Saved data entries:
==*==

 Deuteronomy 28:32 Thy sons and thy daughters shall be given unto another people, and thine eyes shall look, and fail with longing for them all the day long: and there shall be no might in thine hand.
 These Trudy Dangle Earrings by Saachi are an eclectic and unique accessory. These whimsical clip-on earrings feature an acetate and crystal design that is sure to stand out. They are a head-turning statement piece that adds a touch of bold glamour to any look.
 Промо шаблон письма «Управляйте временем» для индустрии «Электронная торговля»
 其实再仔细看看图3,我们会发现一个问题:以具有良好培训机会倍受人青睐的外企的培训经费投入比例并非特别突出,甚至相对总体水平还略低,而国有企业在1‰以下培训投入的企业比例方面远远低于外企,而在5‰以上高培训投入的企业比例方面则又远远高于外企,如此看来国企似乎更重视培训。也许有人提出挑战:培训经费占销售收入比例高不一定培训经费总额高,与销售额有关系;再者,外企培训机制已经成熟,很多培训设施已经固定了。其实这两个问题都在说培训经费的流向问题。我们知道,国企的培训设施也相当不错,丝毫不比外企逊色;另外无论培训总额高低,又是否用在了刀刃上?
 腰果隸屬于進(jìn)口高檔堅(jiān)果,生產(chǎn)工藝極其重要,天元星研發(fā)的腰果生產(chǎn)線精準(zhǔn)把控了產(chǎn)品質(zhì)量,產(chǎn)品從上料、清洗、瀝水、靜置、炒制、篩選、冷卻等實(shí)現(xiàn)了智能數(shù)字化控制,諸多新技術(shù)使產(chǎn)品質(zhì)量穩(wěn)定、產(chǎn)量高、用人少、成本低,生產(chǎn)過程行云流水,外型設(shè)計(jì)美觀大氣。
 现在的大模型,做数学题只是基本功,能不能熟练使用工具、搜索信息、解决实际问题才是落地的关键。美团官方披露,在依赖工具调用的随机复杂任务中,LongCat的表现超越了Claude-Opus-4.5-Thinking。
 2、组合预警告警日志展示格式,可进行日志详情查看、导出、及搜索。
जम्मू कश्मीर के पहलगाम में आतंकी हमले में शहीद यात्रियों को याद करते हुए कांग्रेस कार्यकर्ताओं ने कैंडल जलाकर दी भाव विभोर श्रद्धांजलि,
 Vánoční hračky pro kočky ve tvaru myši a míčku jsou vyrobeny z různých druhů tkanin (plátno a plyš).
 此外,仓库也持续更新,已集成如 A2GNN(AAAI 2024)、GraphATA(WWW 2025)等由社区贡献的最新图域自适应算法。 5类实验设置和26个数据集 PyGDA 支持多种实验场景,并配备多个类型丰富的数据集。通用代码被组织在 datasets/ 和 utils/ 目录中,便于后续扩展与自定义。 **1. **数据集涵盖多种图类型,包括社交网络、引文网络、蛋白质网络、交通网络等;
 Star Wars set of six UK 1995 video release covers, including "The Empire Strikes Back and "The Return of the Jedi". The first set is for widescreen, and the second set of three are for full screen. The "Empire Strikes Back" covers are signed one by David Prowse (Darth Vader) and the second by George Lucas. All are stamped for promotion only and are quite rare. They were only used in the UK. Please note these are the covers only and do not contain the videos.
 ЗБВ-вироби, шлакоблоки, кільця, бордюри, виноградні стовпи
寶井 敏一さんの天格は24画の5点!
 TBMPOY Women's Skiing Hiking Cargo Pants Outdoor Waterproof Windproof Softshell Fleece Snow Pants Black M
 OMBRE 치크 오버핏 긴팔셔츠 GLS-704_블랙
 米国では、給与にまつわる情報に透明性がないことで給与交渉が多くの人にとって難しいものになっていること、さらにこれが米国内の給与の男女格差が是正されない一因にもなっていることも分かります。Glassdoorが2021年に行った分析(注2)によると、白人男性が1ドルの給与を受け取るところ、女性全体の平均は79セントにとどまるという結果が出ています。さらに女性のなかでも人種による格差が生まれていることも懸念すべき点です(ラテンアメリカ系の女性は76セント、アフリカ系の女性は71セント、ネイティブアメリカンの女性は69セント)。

==*==

Only one stretch of the records above is wanted: the lines between the one holding "现在的大模型,做数学题只是基" and the one holding "Vánoční hračky pro", inclusive, reproduced exactly.

 现在的大模型,做数学题只是基本功,能不能熟练使用工具、搜索信息、解决实际问题才是落地的关键。美团官方披露,在依赖工具调用的随机复杂任务中,LongCat的表现超越了Claude-Opus-4.5-Thinking。
 2、组合预警告警日志展示格式,可进行日志详情查看、导出、及搜索。
जम्मू कश्मीर के पहलगाम में आतंकी हमले में शहीद यात्रियों को याद करते हुए कांग्रेस कार्यकर्ताओं ने कैंडल जलाकर दी भाव विभोर श्रद्धांजलि,
 Vánoční hračky pro kočky ve tvaru myši a míčku jsou vyrobeny z různých druhů tkanin (plátno a plyš).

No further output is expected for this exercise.